K-line data processing in quantitative trading

K-line data processing in quantitative trading

·

10 min read

How does the K Line data processing in quantitative trading?

When writing a quantitative trading strategy, using the K-line data, there are often cases where non-standard cycle K-line data is required. for example, 12-minute cycle K-line data and 4-hour K-line cycle data are required. Usually such non-standard Cycles are not directly available. So how do we deal with such needs?

The non-standard cycle K line data can be obtained by combining the data of the smaller cycle. Image this, the highest price in multiple cycles is counted as the highest price after the multiple cycle K line synthesis, and the lowest price is calculated as the lowest price after the synthesis, and the opening price does not change. The first opening price of the raw material data of the K-line is synthesized. The closing price corresponds to the closing price of the last raw material data of the K-line. The time uses the time of the opening price k line.

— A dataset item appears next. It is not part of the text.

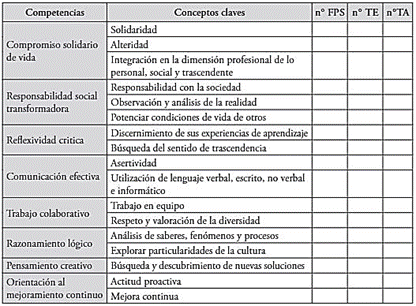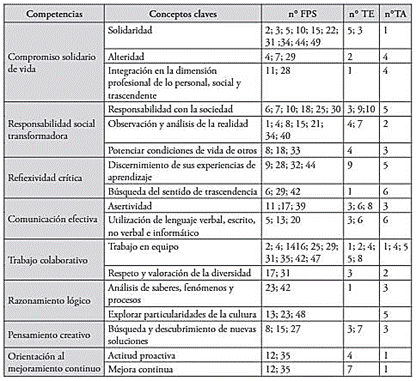 Como se puede apreciar en la tabla, es posible reconocer en FPS, TE y TA que están presentes los conceptos claves de las competencias genéricas, desde lo cual se puede inferir que hubo desarrollo de experiencias de aprendizaje. Las competencias más desarrolladas son el Compromiso solidario de vida, la Responsabilidad social transformadora y el Trabajo colaborativo. Desde el análisis de las unidades de relato se percibe el desarrollo de las habilidades a la cual tributa cada competencia genérica, para ello, se seleccionaron algunos de los relatos más significativos. Así, la competencia de Compromiso solidario de Vida que considera como elementos centrales la solidaridad, la alteridad y la integración personal, social y trascedente (UCSH, 2014b), los y las estudiantes señalaron,
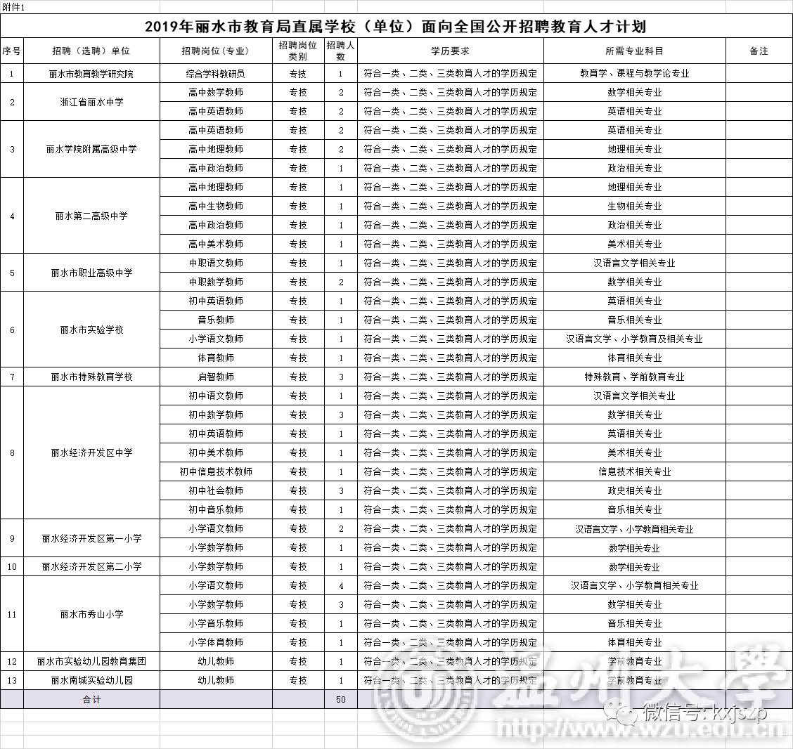 本次丽水市教育局直属13个单位公开招聘教育人才共50名,具体岗位(专业)、人数和报考资格条件详见附件1:《2019年丽水市教育局直属学校(单位)面向全国公开招聘教育人才计划》。

The transaction volume uses the raw material data that summed and calculated.

As shown in the figure:

  • Thought

Let's take the blockchain asset BTC_USDT as an example and synthesize 1 hour into 4 hours.

TimeHighestOpenLowestClose
2019.8.12 00:0011447.0711382.5711367.211406.92
2019.8.12 01:001142011405.6511366.611373.83
2019.8.12 02:0011419.2411374.6811365.5111398.19
2019.8.12 03:0011407.8811398.5911369.711384.71

The data of four 1-hour cycles is combined into a single 4-hour cycle data.

The opening price is the first K line opening price at 00:00 time: 11382.57
The closing price is the last k line closing price at 03:00: 11384.71
The highest price is to find the highest price among them: 11447.07
The lowest price is to find the lowest price among them: 11365.51

Note: China Commodity Futures Market closed at 3:00 PM on a normal trading day

The 4-hour cycle Start time is the start time of the first 1-hour K-line, ie 2019.8.12 00:00

The sum of the volume of all 1 hour k line are used as this 4 hour k line volume.

A 4-hour K-line is synthesized:

High: 11447.07
Open: 11382.57
Low: 11365.51
Close: 11384.71
Time: 209.8.12 00:00

You can see that the data is consistent.

  • Code implementation

After understanding the initial ideas, you can manually write the code to realize the requirements.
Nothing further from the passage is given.